*** Opening Records shown ***

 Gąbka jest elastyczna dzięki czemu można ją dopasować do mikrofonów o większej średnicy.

*** Closing Records shown ***
*** Opening Records shown ***

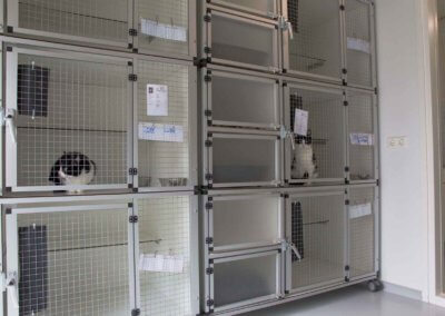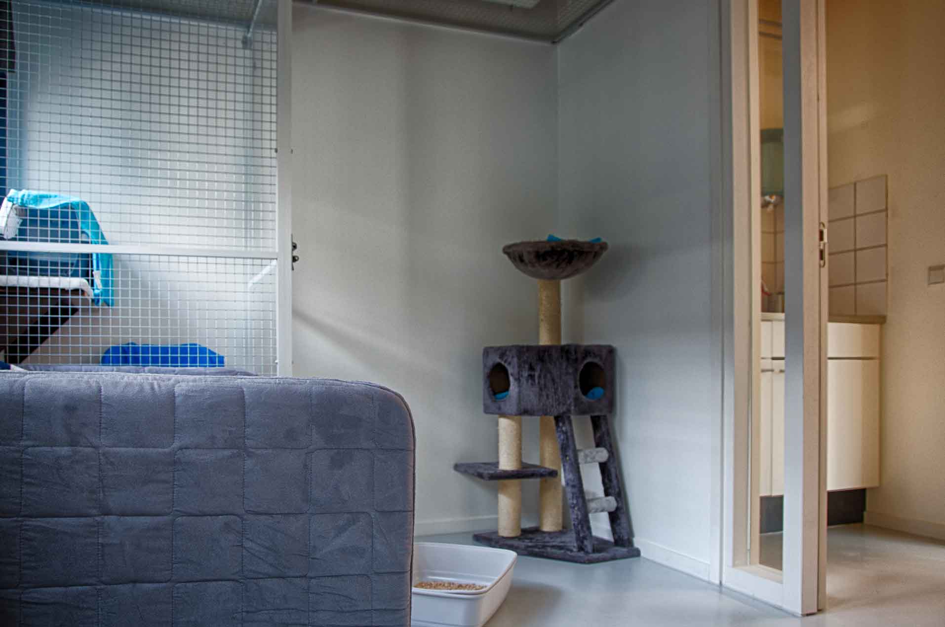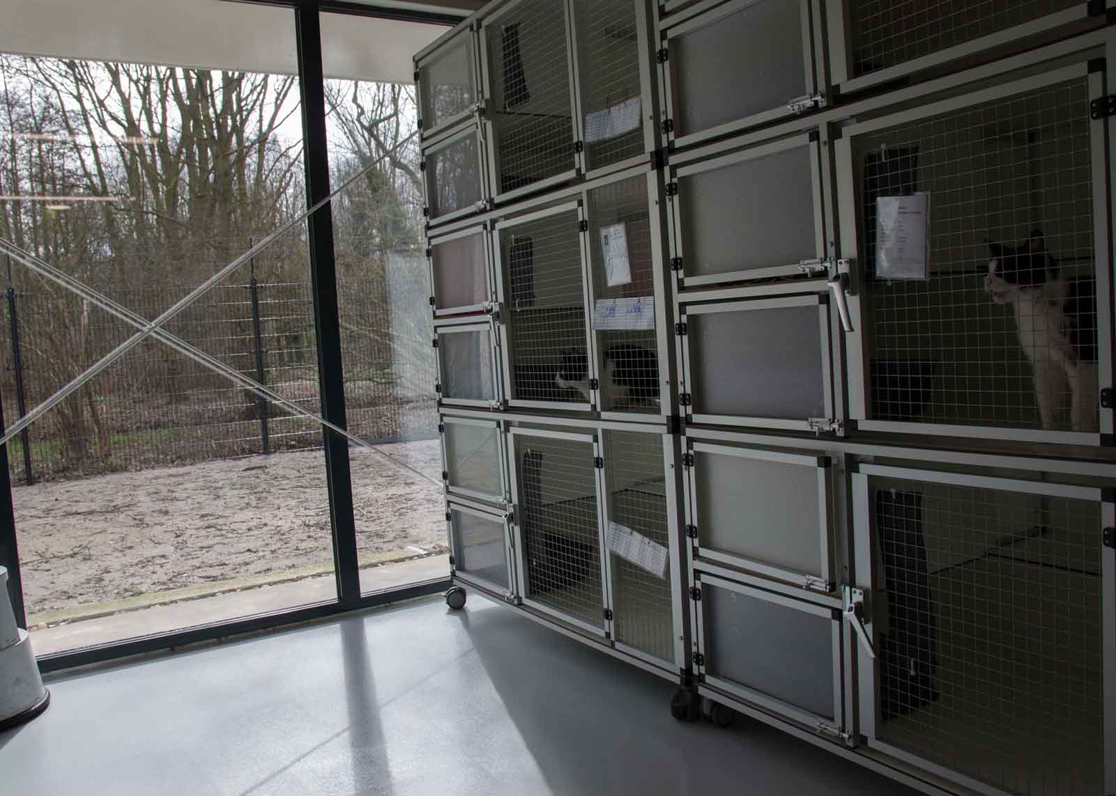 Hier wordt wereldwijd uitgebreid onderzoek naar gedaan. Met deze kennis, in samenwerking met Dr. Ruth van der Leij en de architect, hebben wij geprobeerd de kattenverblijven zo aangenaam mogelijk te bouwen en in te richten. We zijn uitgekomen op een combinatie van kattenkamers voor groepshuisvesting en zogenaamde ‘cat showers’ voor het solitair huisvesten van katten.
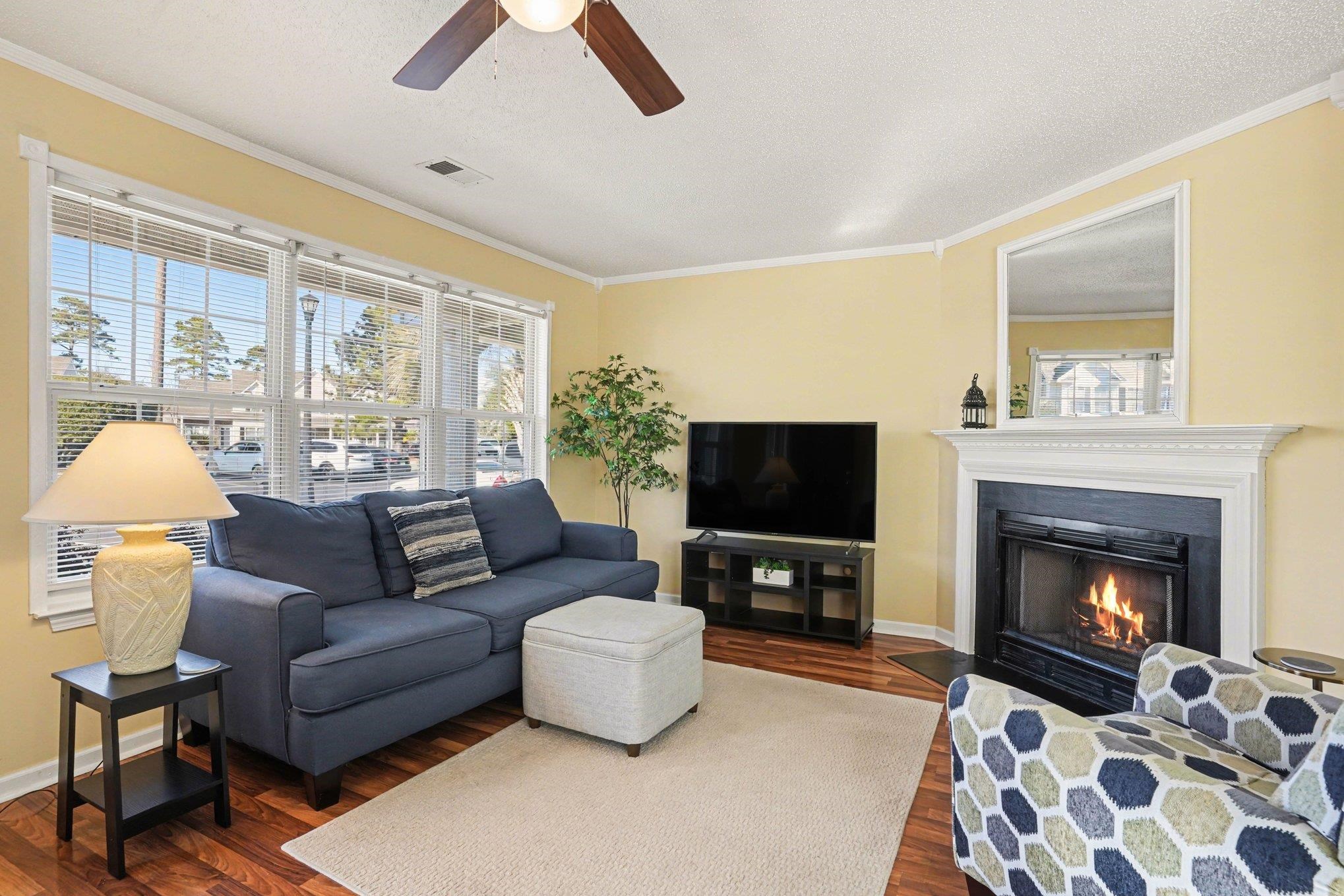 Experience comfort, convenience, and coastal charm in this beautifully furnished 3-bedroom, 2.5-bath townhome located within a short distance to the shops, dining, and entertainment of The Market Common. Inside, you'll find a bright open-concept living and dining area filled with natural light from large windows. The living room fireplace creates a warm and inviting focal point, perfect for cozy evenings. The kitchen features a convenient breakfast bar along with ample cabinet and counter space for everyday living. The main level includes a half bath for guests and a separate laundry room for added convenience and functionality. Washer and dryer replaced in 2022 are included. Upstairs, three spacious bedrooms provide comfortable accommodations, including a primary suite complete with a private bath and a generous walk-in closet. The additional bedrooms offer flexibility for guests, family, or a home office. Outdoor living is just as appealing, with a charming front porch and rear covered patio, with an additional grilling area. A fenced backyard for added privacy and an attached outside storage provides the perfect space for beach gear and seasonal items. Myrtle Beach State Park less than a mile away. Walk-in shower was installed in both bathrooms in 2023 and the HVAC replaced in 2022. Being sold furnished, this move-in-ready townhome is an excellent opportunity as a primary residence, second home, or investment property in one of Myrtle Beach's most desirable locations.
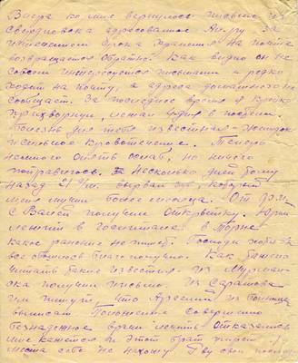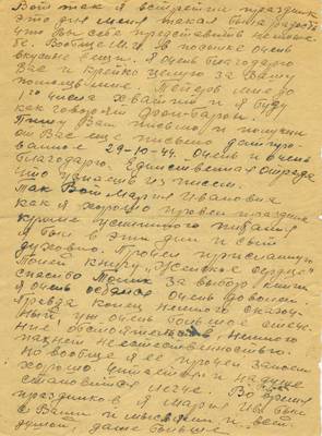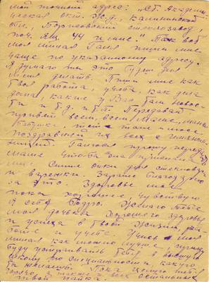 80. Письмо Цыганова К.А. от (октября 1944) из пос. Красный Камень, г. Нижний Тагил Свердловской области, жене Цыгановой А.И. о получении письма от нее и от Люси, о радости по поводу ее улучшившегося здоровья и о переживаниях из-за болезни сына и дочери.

*** Closing Records shown ***

__Instructions for the task__
When you reach the line holding "Hier wordt wereldwijd" in the listing above, begin retyping exactly, and stop once the line holding "80. Письмо Цыганова" is done; pictures stay out.

__Output__
 Hier wordt wereldwijd uitgebreid onderzoek naar gedaan. Met deze kennis, in samenwerking met Dr. Ruth van der Leij en de architect, hebben wij geprobeerd de kattenverblijven zo aangenaam mogelijk te bouwen en in te richten. We zijn uitgekomen op een combinatie van kattenkamers voor groepshuisvesting en zogenaamde ‘cat showers’ voor het solitair huisvesten van katten.
 Experience comfort, convenience, and coastal charm in this beautifully furnished 3-bedroom, 2.5-bath townhome located within a short distance to the shops, dining, and entertainment of The Market Common. Inside, you'll find a bright open-concept living and dining area filled with natural light from large windows. The living room fireplace creates a warm and inviting focal point, perfect for cozy evenings. The kitchen features a convenient breakfast bar along with ample cabinet and counter space for everyday living. The main level includes a half bath for guests and a separate laundry room for added convenience and functionality. Washer and dryer replaced in 2022 are included. Upstairs, three spacious bedrooms provide comfortable accommodations, including a primary suite complete with a private bath and a generous walk-in closet. The additional bedrooms offer flexibility for guests, family, or a home office. Outdoor living is just as appealing, with a charming front porch and rear covered patio, with an additional grilling area. A fenced backyard for added privacy and an attached outside storage provides the perfect space for beach gear and seasonal items. Myrtle Beach State Park less than a mile away. Walk-in shower was installed in both bathrooms in 2023 and the HVAC replaced in 2022. Being sold furnished, this move-in-ready townhome is an excellent opportunity as a primary residence, second home, or investment property in one of Myrtle Beach's most desirable locations.
 80. Письмо Цыганова К.А. от (октября 1944) из пос. Красный Камень, г. Нижний Тагил Свердловской области, жене Цыгановой А.И. о получении письма от нее и от Люси, о радости по поводу ее улучшившегося здоровья и о переживаниях из-за болезни сына и дочери.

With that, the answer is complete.